The Anacostia Connection

The small (1.5 mile) segment of the 36 mile Anacostia Tributary Trail System from Bladensburg Park to the Anacostia wetlands has been a long time coming.   Since then, this segment of a system that follows stream beds from Montgomery and Prince George’s Counties with access to Maryland’s $9.2 million 50-acre Anacostia Wetland Mitigation Project, has gained some heavy-duty, highly visible support – on both sides of the creek.

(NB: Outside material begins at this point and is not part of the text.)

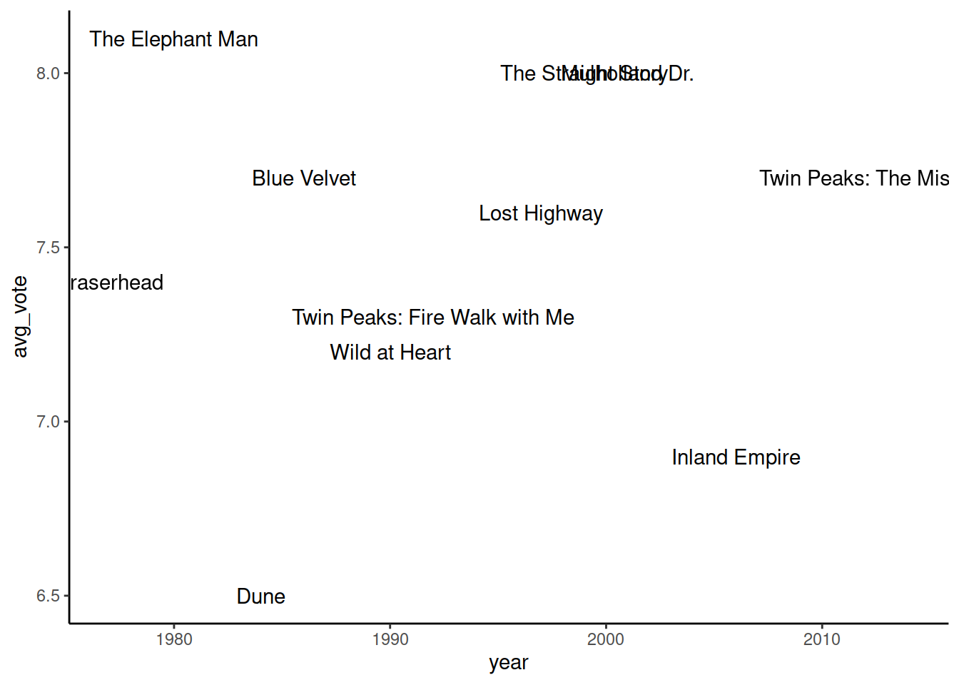 mapping = aes(x = year, y = avg_vote, label = original_title),

Witness the crowd of celebrants who showed up for the ribbon cutting this month.  They included Governor O’Malley, Senator Cardin, Washington Mayor Gray, Prince George’s County Executive Baker, and Cabinet Secretaries LaHood (Transportation) and Salazar (Interior).  That’s a lot of wattage for a short trail that only leads to a highway intersection.  But this occasion marked a federal and local commitment to make the Anacostia Riverwalk Trail a major factor in the restoration of the river and its basin – while giving access to recreational, transportation, and environmental amenities throughout the region.

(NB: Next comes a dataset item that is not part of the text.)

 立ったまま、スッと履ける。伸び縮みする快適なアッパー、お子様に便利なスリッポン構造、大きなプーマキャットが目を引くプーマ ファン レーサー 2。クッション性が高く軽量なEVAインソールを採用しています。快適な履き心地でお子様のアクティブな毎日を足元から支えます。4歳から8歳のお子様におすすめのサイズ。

As of today, most of the network build out has occurred in Maryland, where key portions are in process  — like the College Park Trolley Trail, which is now tootling its way through Hyattsville and Riverdale.  This vision, which incorporates the Woodrow Wilson Bridge trail far to the south near Oxon Hill, courses around RFK, the National Arboretum, and past the Navy Yard and Nationals Stadium.

Once complete, the Anacostia Riverwalk Trail Network will offer nearly 60 miles of contiguous pathways –– including 39 miles in Maryland and 20 miles in the District of Columbia.  In DC, five segments are currently under construction, with a new one around Natsville opening next week. The presence of the Cabinet secretaries and Senator Cardin reinforced the commitment of federal resources to make this plan a reality.  Governor O’Malley took the opportunity to announce the trail would be expanded south into DC starting late next year, and that Maryland will commit $1 million towards a 3.9-mile trail extending from this addition in Bladensburg to Benning Road.  Project designs will be completed by summer 2012 and construction will begin by the end of 2012.

Washington may be playing catch-up, but they have a great game plan, as can be seen here:  The little pink dotted line above the Maryland line at Route 50 is what just opened.  When the Kenilworth (9) and Arboretum (8) segments are complete, they will tie Maryland into most of the Anacostia Basin – all the way to the Potomac. 

 

As for the Maryland Anacostia Tributary Trail System, see how many community and recreation assets(including the University of Maryland)  it connects.

 

We can hope this trail will be complete – or nearly so – in time for the visitors descending upon Maryland and DC for the War of 1812 Bicentennial.  Both Washington and Bladensburg were key British victories, leading up to the Battle of Baltimore and the penning of the Star-Spangled Banner.  Visiting these historic landmarks via the trails will enhance the experience with the beauty of nature and appreciation for the environment.